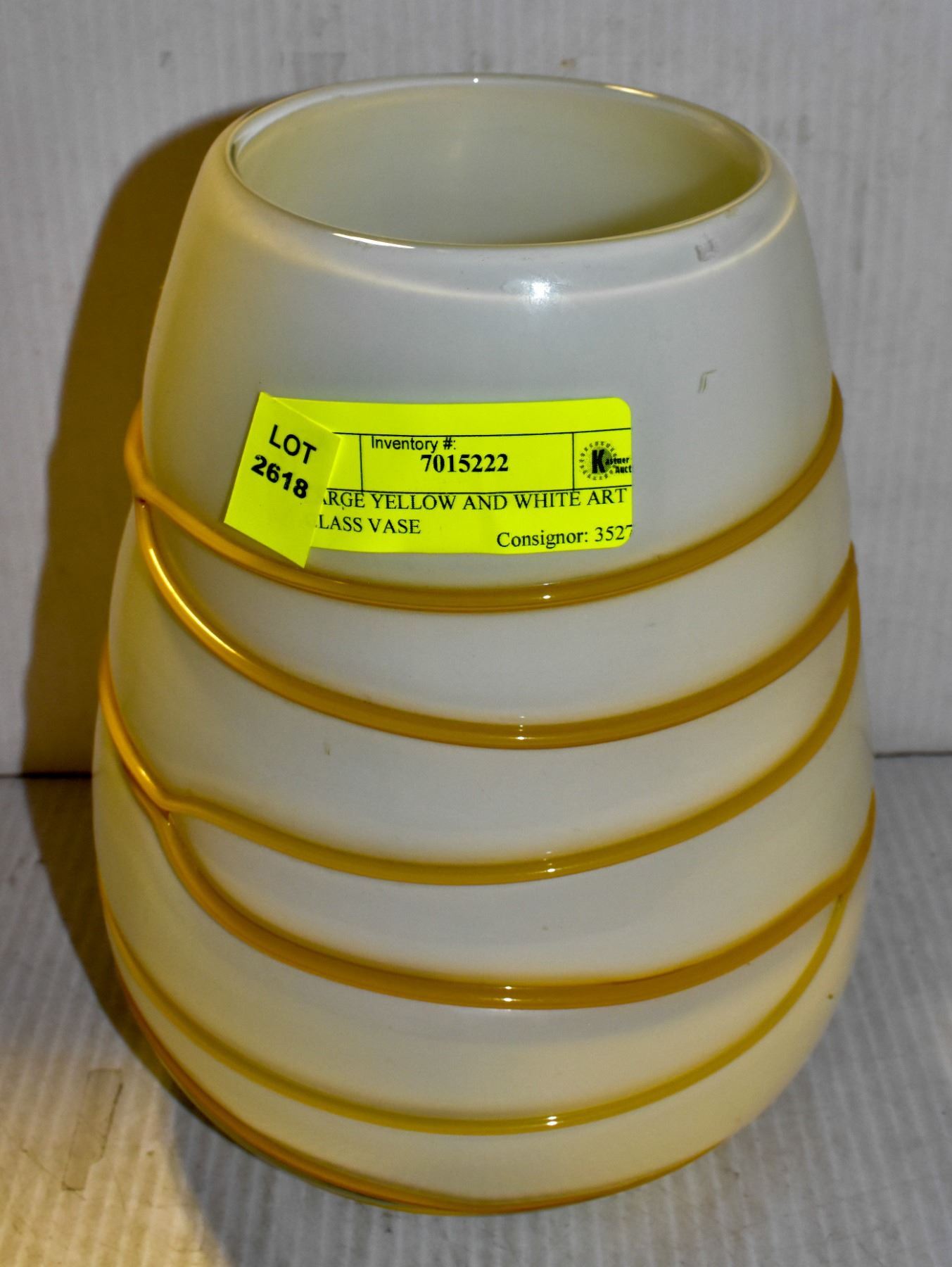 LARGE YELLOW AND WHITE ART GLASS VASE
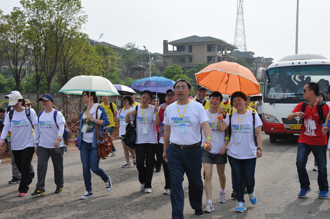 毅行第一天,天公不作美,陆续出现多次阵雨,毅行部分路段泥泞难走,但环保志愿者们的热情很高,大家冒雨前行,相互鼓励照顾,很多女同志是第一次参加,脚上都磨出了血泡,却坚持走完了首日路程。
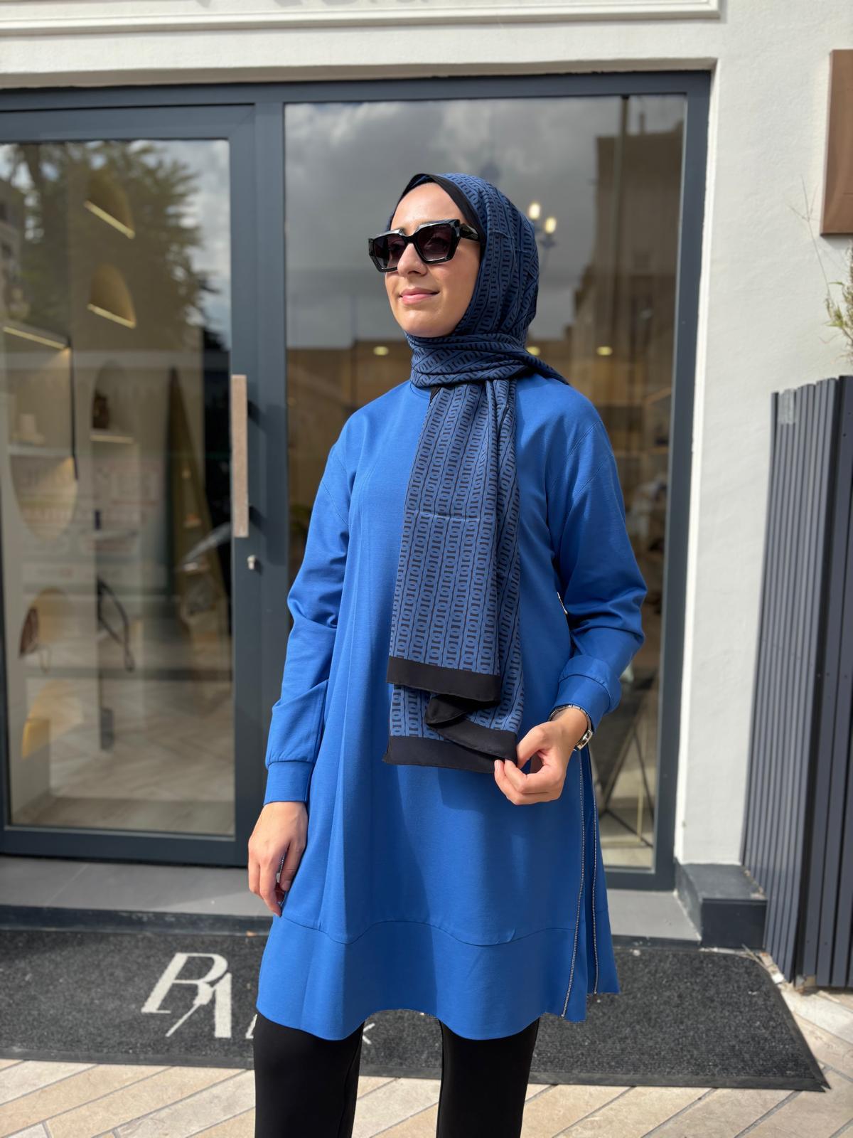 38020 Fermuar Detay Kadın Tunik Saks Mavi
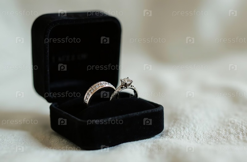 Кольца для помолвки с бриллиантами в черной бархатной коробке на светлом фоне. Генеративный искусственный интеллект
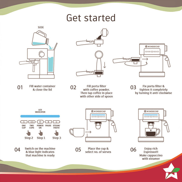 Wonderchef Renewed Regalia Espresso Coffee Maker 15 Bar | Ideal for Espresso, Cappuccino, Latte, Macchiato or Ristretto at Home | Steamer Spout for Cappuccino & Latte | Works with Coffee Powder | Steel
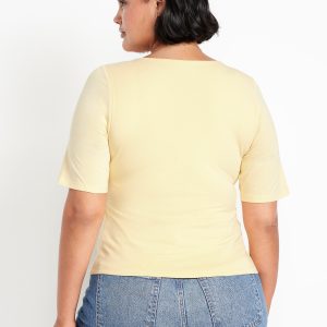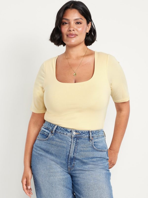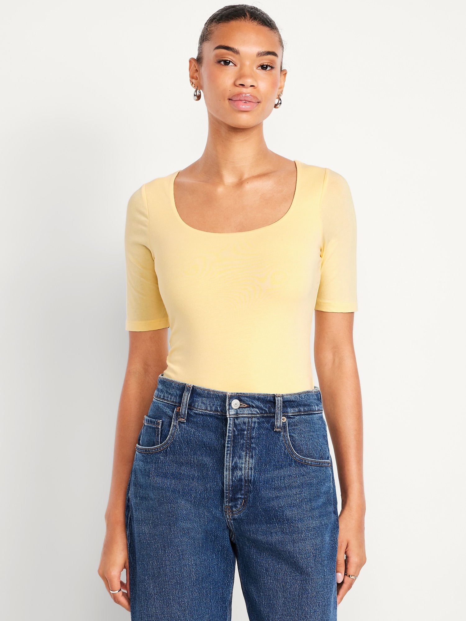 Double-Layer Elbow-Sleeve Scoop-Neck T-Shirt: scoop neck, short sleeves, #749283
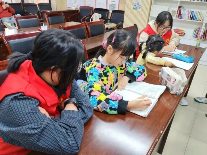 3月的晨曦洒进苏家街社区行径室,桌上摆着试卷,也摆着彩纸和扭扭棒。
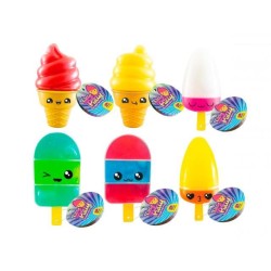 Sei deliziose profumazioni e tre diverse tipologie di putty slime combinati tra loro danno vita a questi coloratissimi abbinamenti al profumo di fragola crema cola ciliegia limone anice e anguria
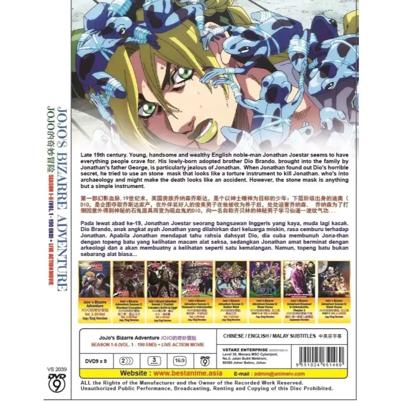Title Name : JoJo's Bizarre Adventure TV Series Season 1-6 Vol.1-190End+Live Action Movie
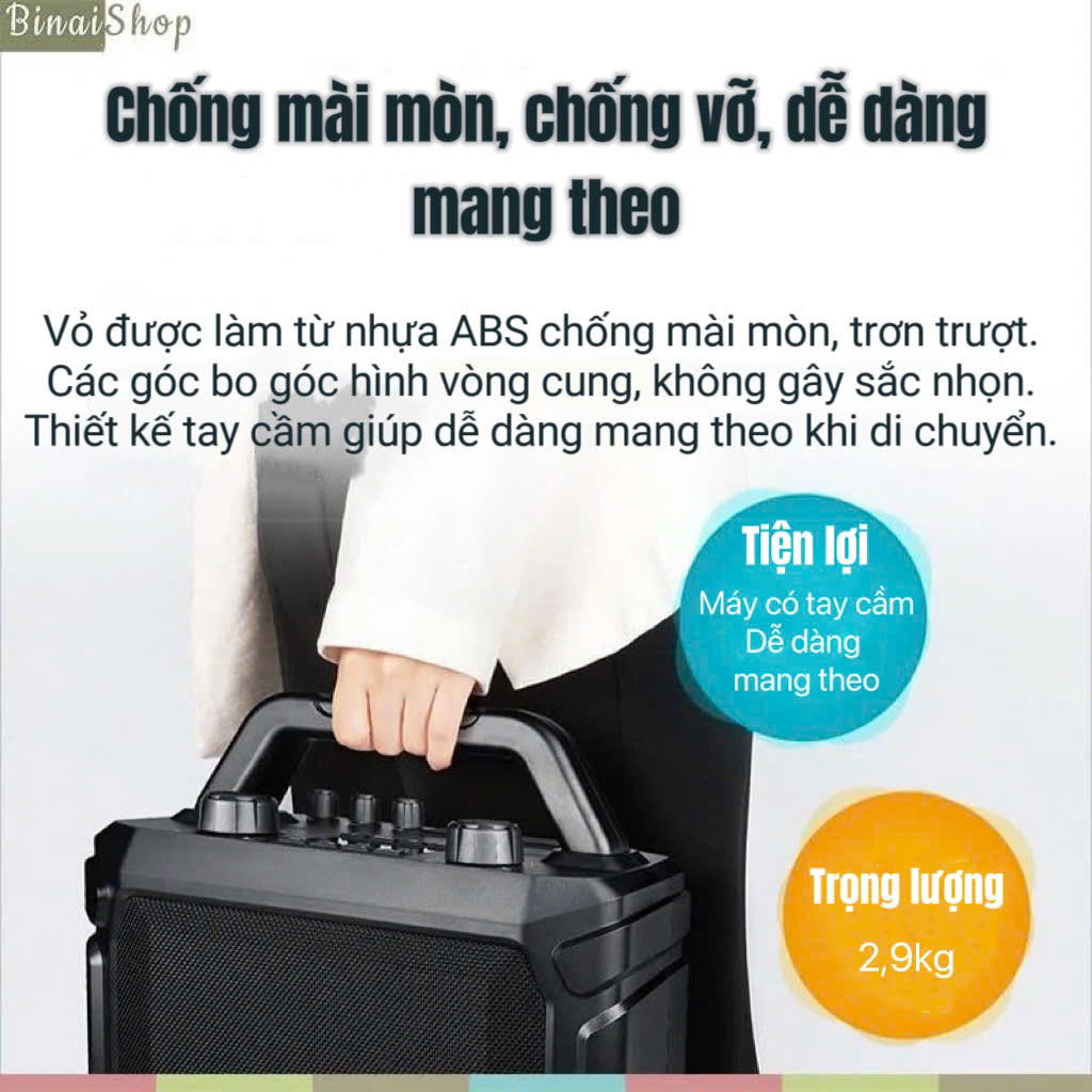 Hỗ trợ: Karaoke/ bluetooth/ FM/ USB/ Thẻ nhớ TF / AUX (từ thiết bị qua loa bằng dây). Công suất đầu ra: 2 x 15W. Bluetooth: 4.1 khoảng cách kết nối lên đến 15m (tối
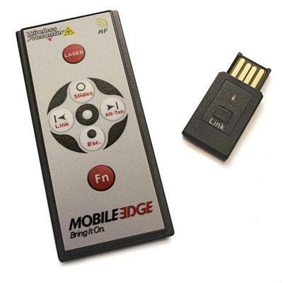 Wireless Express Presenter Remote...The Mobile Edge Express Presenter Remote is a handy, compact presentation tool. It allows you to control slides in any presentation or slide show software and includes a built-in laser pointer. The Express Presenter Remote allows you to control your presentation or slide show without being tied to your computer, while it?s built-in laser pointer allows you to to draw attention to key details without the need for a separate accessory. When not in use, it stores in your laptop's Express Card slot, making it easy to take with you on the road! The Mobile Edge Wireless Presentation Remote is your all-in-one presentation solution! Designed to store in your computer?s Express Card slot; Integrated Laser Pointer; Omni-Directional RF Range of over 60 feet; Forward, Reverse, Black, White and Escape screen controls; PC and Mac Compatible; Works with most presentation software.
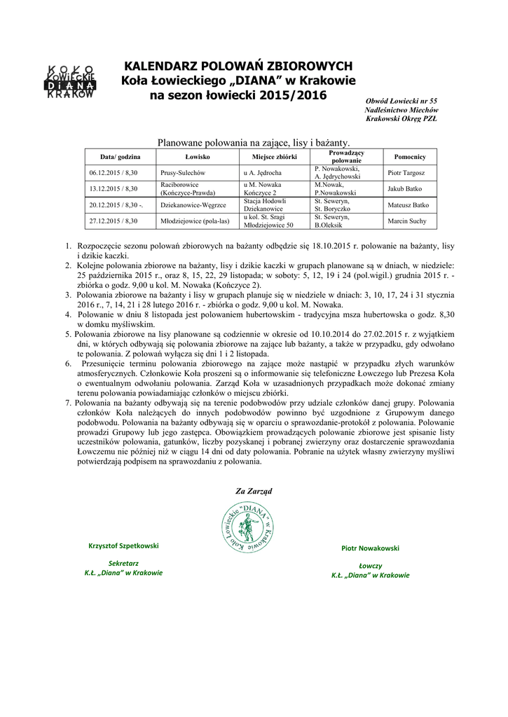 KALENDARZ POLOWAŃ ZBIOROWYCH Koła Łowieckiego „DIANA” w Krakowie na sezon łowiecki 2015/2016 Obwód Łowiecki nr 55 Nadleśnictwo Miechów Krakowski Okręg PZŁ Planowane polowania na zające, lisy i bażanty. Łowisko Data/ godzina Miejsce zbiórki 06.12.2015 / 8,30 Prusy-Sulechów u A. Jędrocha 13.12.2015 / 8,30 Raciborowice (Kończyce-Prawda) 20.12.2015 / 8,30 -. Dziekanowice-Węgrzce 27.12.2015 / 8,30 Młodziejowice (pola-las) u M. Nowaka Kończyce 2 Stacja Hodowli Dziekanowice u kol. St. Sragi Młodziejowice 50 Prowadzący polowanie P. Nowakowski, A. Jędrychowski M.Nowak, P.Nowakowski St. Seweryn, St. Boryczko St. Seweryn, B.Oleksik Pomocnicy Piotr Targosz Jakub Batko Mateusz Batko Marcin Suchy 1. Rozpoczęcie sezonu polowań zbiorowych na bażanty odbędzie się 18.10.2015 r. polowanie na bażanty, lisy i dzikie kaczki. 2. Kolejne polowania zbiorowe na bażanty, lisy i dzikie kaczki w grupach planowane są w dniach, w niedziele: 25 października 2015 r., oraz 8, 15, 22, 29 listopada; w soboty: 5, 12, 19 i 24 (pol.wigil.) grudnia 2015 r. zbiórka o godz. 9,00 u kol. M. Nowaka (Kończyce 2). 3. Polowania zbiorowe na bażanty i lisy w grupach planuje się w niedziele w dniach: 3, 10, 17, 24 i 31 stycznia 2016 r., 7, 14, 21 i 28 lutego 2016 r. - zbiórka o godz. 9,00 u kol. M. Nowaka. 4. Polowanie w dniu 8 listopada jest polowaniem hubertowskim - tradycyjna msza hubertowska o godz. 8,30 w domku myśliwskim. 5. Polowania zbiorowe na lisy planowane są codziennie w okresie od 10.10.2014 do 27.02.2015 r. z wyjątkiem dni, w których odbywają się polowania zbiorowe na zające lub bażanty, a także w przypadku, gdy odwołano te polowania. Z polowań wyłącza się dni 1 i 2 listopada. 6. Przesunięcie terminu polowania zbiorowego na zające może nastąpić w przypadku złych warunków atmosferycznych. Członkowie Koła proszeni są o informowanie się telefoniczne Łowczego lub Prezesa Koła o ewentualnym odwołaniu polowania. Zarząd Koła w uzasadnionych przypadkach może dokonać zmiany terenu polowania powiadamiając członków o miejscu zbiórki. 7. Polowania na bażanty odbywają się na terenie podobwodów przy udziale członków danej grupy. Polowania członków Koła należących do innych podobwodów powinno być uzgodnione z Grupowym danego podobwodu. Polowania na bażanty odbywają się w oparciu o sprawozdanie-protokół z polowania. Polowanie prowadzi Grupowy lub jego zastępca. Obowiązkiem prowadzących polowanie zbiorowe jest spisanie listy uczestników polowania, gatunków, liczby pozyskanej i pobranej zwierzyny oraz dostarczenie sprawozdania Łowczemu nie później niż w ciągu 14 dni od daty polowania. Pobranie na użytek własny zwierzyny myśliwi potwierdzają podpisem na sprawozdaniu z polowania. Za Zarząd Krzysztof Szpetkowski Piotr Nowakowski Sekretarz K.Ł. „Diana” w Krakowie Łowczy K.Ł. „Diana” w Krakowie
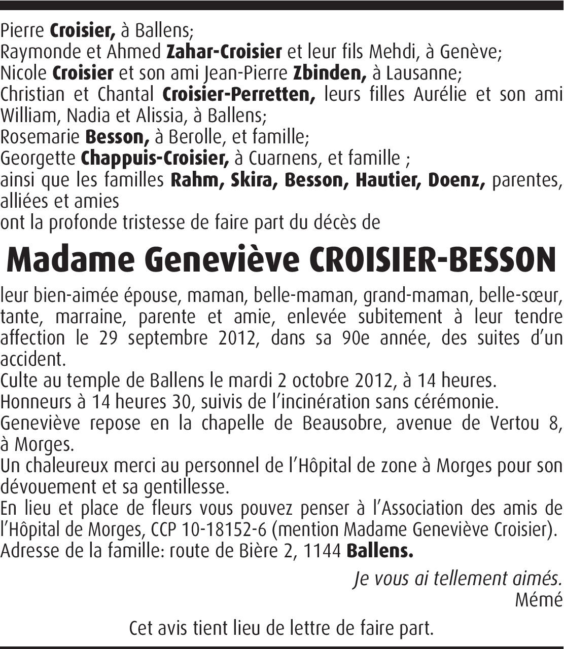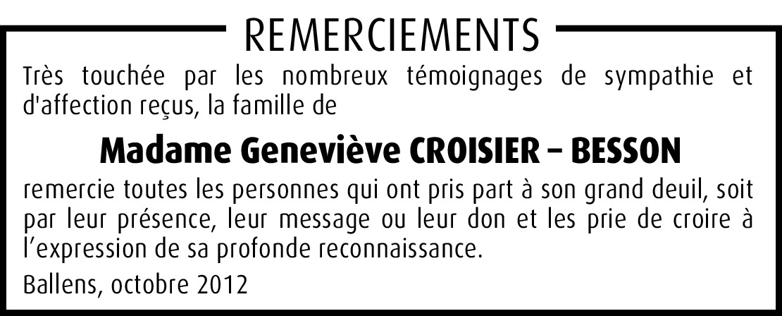 Il y a plus de 4 ans Signaler En pensées et en prières avec vous tous en ce temps difficile de séparation. Avec mon bon souvenir. Amicales salutations. De la part de Vreni Haldi-Lüthi

=-=-=

Would you print all of the entries exactly, omitting any image?

▶ Result
 LARGE YELLOW AND WHITE ART GLASS VASE
 毅行第一天,天公不作美,陆续出现多次阵雨,毅行部分路段泥泞难走,但环保志愿者们的热情很高,大家冒雨前行,相互鼓励照顾,很多女同志是第一次参加,脚上都磨出了血泡,却坚持走完了首日路程。
 38020 Fermuar Detay Kadın Tunik Saks Mavi
 Кольца для помолвки с бриллиантами в черной бархатной коробке на светлом фоне. Генеративный искусственный интеллект
 Wonderchef Renewed Regalia Espresso Coffee Maker 15 Bar | Ideal for Espresso, Cappuccino, Latte, Macchiato or Ristretto at Home | Steamer Spout for Cappuccino & Latte | Works with Coffee Powder | Steel
 Double-Layer Elbow-Sleeve Scoop-Neck T-Shirt: scoop neck, short sleeves, #749283
 3月的晨曦洒进苏家街社区行径室,桌上摆着试卷,也摆着彩纸和扭扭棒。
 Sei deliziose profumazioni e tre diverse tipologie di putty slime combinati tra loro danno vita a questi coloratissimi abbinamenti al profumo di fragola crema cola ciliegia limone anice e anguria
Title Name : JoJo's Bizarre Adventure TV Series Season 1-6 Vol.1-190End+Live Action Movie
 Hỗ trợ: Karaoke/ bluetooth/ FM/ USB/ Thẻ nhớ TF / AUX (từ thiết bị qua loa bằng dây). Công suất đầu ra: 2 x 15W. Bluetooth: 4.1 khoảng cách kết nối lên đến 15m (tối
 Wireless Express Presenter Remote...The Mobile Edge Express Presenter Remote is a handy, compact presentation tool. It allows you to control slides in any presentation or slide show software and includes a built-in laser pointer. The Express Presenter Remote allows you to control your presentation or slide show without being tied to your computer, while it?s built-in laser pointer allows you to to draw attention to key details without the need for a separate accessory. When not in use, it stores in your laptop's Express Card slot, making it easy to take with you on the road! The Mobile Edge Wireless Presentation Remote is your all-in-one presentation solution! Designed to store in your computer?s Express Card slot; Integrated Laser Pointer; Omni-Directional RF Range of over 60 feet; Forward, Reverse, Black, White and Escape screen controls; PC and Mac Compatible; Works with most presentation software.
 KALENDARZ POLOWAŃ ZBIOROWYCH Koła Łowieckiego „DIANA” w Krakowie na sezon łowiecki 2015/2016 Obwód Łowiecki nr 55 Nadleśnictwo Miechów Krakowski Okręg PZŁ Planowane polowania na zające, lisy i bażanty. Łowisko Data/ godzina Miejsce zbiórki 06.12.2015 / 8,30 Prusy-Sulechów u A. Jędrocha 13.12.2015 / 8,30 Raciborowice (Kończyce-Prawda) 20.12.2015 / 8,30 -. Dziekanowice-Węgrzce 27.12.2015 / 8,30 Młodziejowice (pola-las) u M. Nowaka Kończyce 2 Stacja Hodowli Dziekanowice u kol. St. Sragi Młodziejowice 50 Prowadzący polowanie P. Nowakowski, A. Jędrychowski M.Nowak, P.Nowakowski St. Seweryn, St. Boryczko St. Seweryn, B.Oleksik Pomocnicy Piotr Targosz Jakub Batko Mateusz Batko Marcin Suchy 1. Rozpoczęcie sezonu polowań zbiorowych na bażanty odbędzie się 18.10.2015 r. polowanie na bażanty, lisy i dzikie kaczki. 2. Kolejne polowania zbiorowe na bażanty, lisy i dzikie kaczki w grupach planowane są w dniach, w niedziele: 25 października 2015 r., oraz 8, 15, 22, 29 listopada; w soboty: 5, 12, 19 i 24 (pol.wigil.) grudnia 2015 r. zbiórka o godz. 9,00 u kol. M. Nowaka (Kończyce 2). 3. Polowania zbiorowe na bażanty i lisy w grupach planuje się w niedziele w dniach: 3, 10, 17, 24 i 31 stycznia 2016 r., 7, 14, 21 i 28 lutego 2016 r. - zbiórka o godz. 9,00 u kol. M. Nowaka. 4. Polowanie w dniu 8 listopada jest polowaniem hubertowskim - tradycyjna msza hubertowska o godz. 8,30 w domku myśliwskim. 5. Polowania zbiorowe na lisy planowane są codziennie w okresie od 10.10.2014 do 27.02.2015 r. z wyjątkiem dni, w których odbywają się polowania zbiorowe na zające lub bażanty, a także w przypadku, gdy odwołano te polowania. Z polowań wyłącza się dni 1 i 2 listopada. 6. Przesunięcie terminu polowania zbiorowego na zające może nastąpić w przypadku złych warunków atmosferycznych. Członkowie Koła proszeni są o informowanie się telefoniczne Łowczego lub Prezesa Koła o ewentualnym odwołaniu polowania. Zarząd Koła w uzasadnionych przypadkach może dokonać zmiany terenu polowania powiadamiając członków o miejscu zbiórki. 7. Polowania na bażanty odbywają się na terenie podobwodów przy udziale członków danej grupy. Polowania członków Koła należących do innych podobwodów powinno być uzgodnione z Grupowym danego podobwodu. Polowania na bażanty odbywają się w oparciu o sprawozdanie-protokół z polowania. Polowanie prowadzi Grupowy lub jego zastępca. Obowiązkiem prowadzących polowanie zbiorowe jest spisanie listy uczestników polowania, gatunków, liczby pozyskanej i pobranej zwierzyny oraz dostarczenie sprawozdania Łowczemu nie później niż w ciągu 14 dni od daty polowania. Pobranie na użytek własny zwierzyny myśliwi potwierdzają podpisem na sprawozdaniu z polowania. Za Zarząd Krzysztof Szpetkowski Piotr Nowakowski Sekretarz K.Ł. „Diana” w Krakowie Łowczy K.Ł. „Diana” w Krakowie
 Il y a plus de 4 ans Signaler En pensées et en prières avec vous tous en ce temps difficile de séparation. Avec mon bon souvenir. Amicales salutations. De la part de Vreni Haldi-Lüthi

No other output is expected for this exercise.